Oregon transportation infrastructure has rocky future

Prosperity-projectBy Oregon Prosperity Project,
Bumpy Roads Ahead: Why Oregon’s Transportation Infrastructure has a Rocky Future

Did you know that there are over 71,500 miles of roads in Oregon? That’s a lot of miles; in fact, if they were stretched out into a straight line, they would go around the equator of the Earth almost three times.

There are more than four million registered vehicles in Oregon, driving on – and wearing out – Oregon’s roads. That doesn’t count the thousands of additional out-of-state drivers who also utilize Oregon’s roads, particularly the I-5 corridor from Washington to California.

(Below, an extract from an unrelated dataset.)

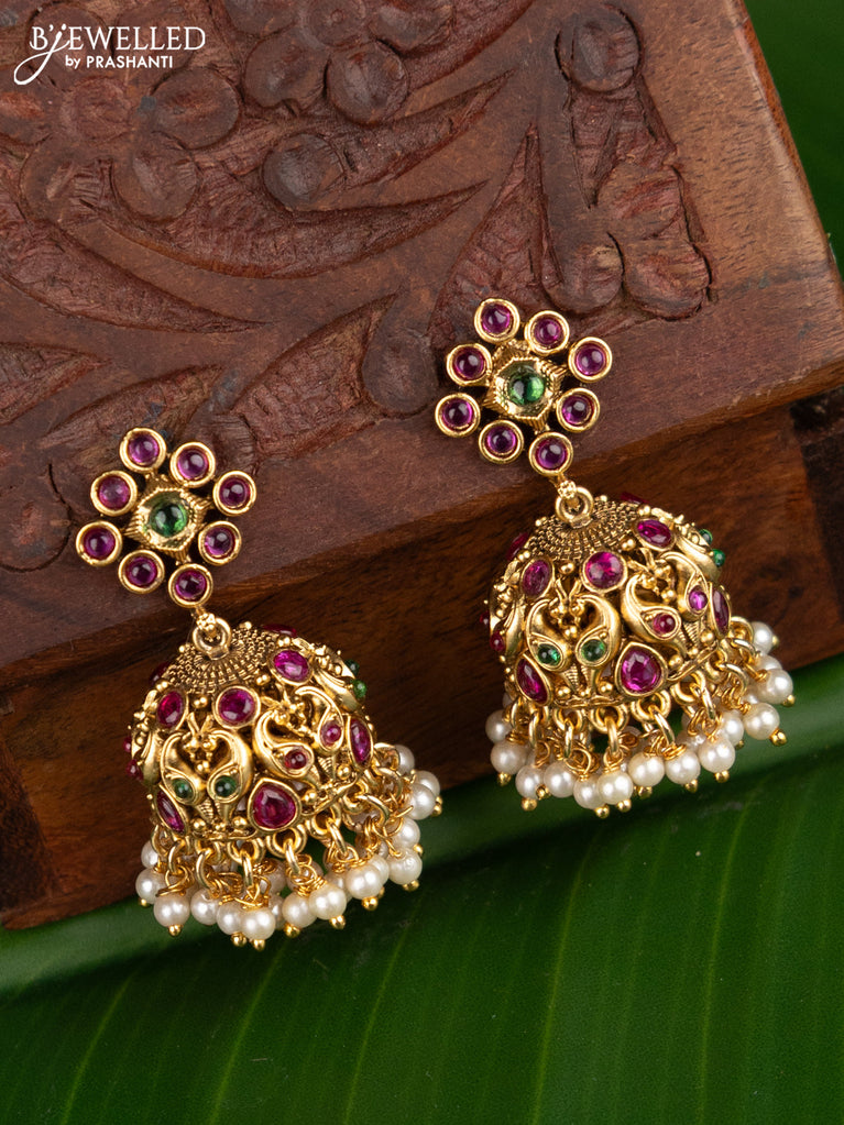 Antique jhumka peacock design with kemp stones and pearl hangings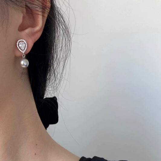 F廠【DQ11519E】法式優雅S925純銀水滴閃鋯耳環女精緻輕奢正圓仿珍珠復古耳飾 25.09-4

Oregon’s economy is highly dependent on its transportation system; it connects rural areas to centers of commerce. It provides a means for moving goods from Oregon’s large manufacturing sector, hauling timber, and transporting agricultural products both across the state and to export markets. And it allows Oregonians to get to work and school, travel, and to enjoy the natural beauty found across the state.

But the Oregon Department of Transportation (ODOT) has released its 2014 report about Oregon’s roads, suggesting their future is in jeopardy.

Using a computer modeling system, ODOT analyzed the economic impacts of deteriorating roads in the next 20 years if its funding continues to lag. The results suggested that higher transportation costs from bad road conditions could lead to 100,000 lost jobs and a $94 billion decline in Oregon’s GDP by 2035.

For every Oregon driver, ODOT estimated an additional $380 per year in car maintenance costs, in the future, under current road maintenance spending; bad, rough roads lead to more tire wear, worse fuel efficiency, and damages to suspension systems.

At current spending levels, ODOT suggests that it cannot work on modernization projects, like adding lanes on busy roads or expanding busy intersections.

So, what’s causing ODOT’s funding problems?

In the past 10 years, average fuel economy for passenger vehicles has improved by 25% in the U.S. That means drivers can buy less fuel to drive the same distance. Better fuel economy leads to reduced CO2 emissions, improving environmental quality. But it also results in lower gas tax revenue.

Oregon’s statewide gas tax has been $0.30 per gallon since 2011, when it increased from $0.24 per gallon in 2010. But, since 2011, the gas tax revenues have decreased by 4%. Meanwhile, vehicle registrations have increased by 1.2%.

More drivers are on the roads, causing more wear-and-tear, but there is less gas tax money to put toward them.

ODOT’s 2015-2017 proposed legislative budget is $4 billion, about $88 million less than what was approved for the 2011-2013 legislatively approved budget. That’s a significant amount of money. But, according to the Oregon Secretary of State’s 2014 audit of ODOT, Oregon will have to invest an additional $7 billion into replacing and repairing infrastructure by 2030.

The Oregon Resilience Plan’s 2014 Seismic-Plus Report found that 138 Oregon bridges need to be replaced, and another 580 bridges need to be retrofitted or repaired to mitigate the impacts of earthquakes. Fixing, rebuilding, and replacing Oregon’s bridges alone would cost more than $4 billion.

While infrastructure repair is very expensive, it can help to prevent even larger loses to Oregon’s economy in the event of an earthquake, mudslide, bridge collapse, or any other catastrophic event that cannot be repaired quickly and leads to impeded traffic and commerce. Allocating funding for these repairs and updates, while expensive for today, can help Oregon’s economy thrive in the future.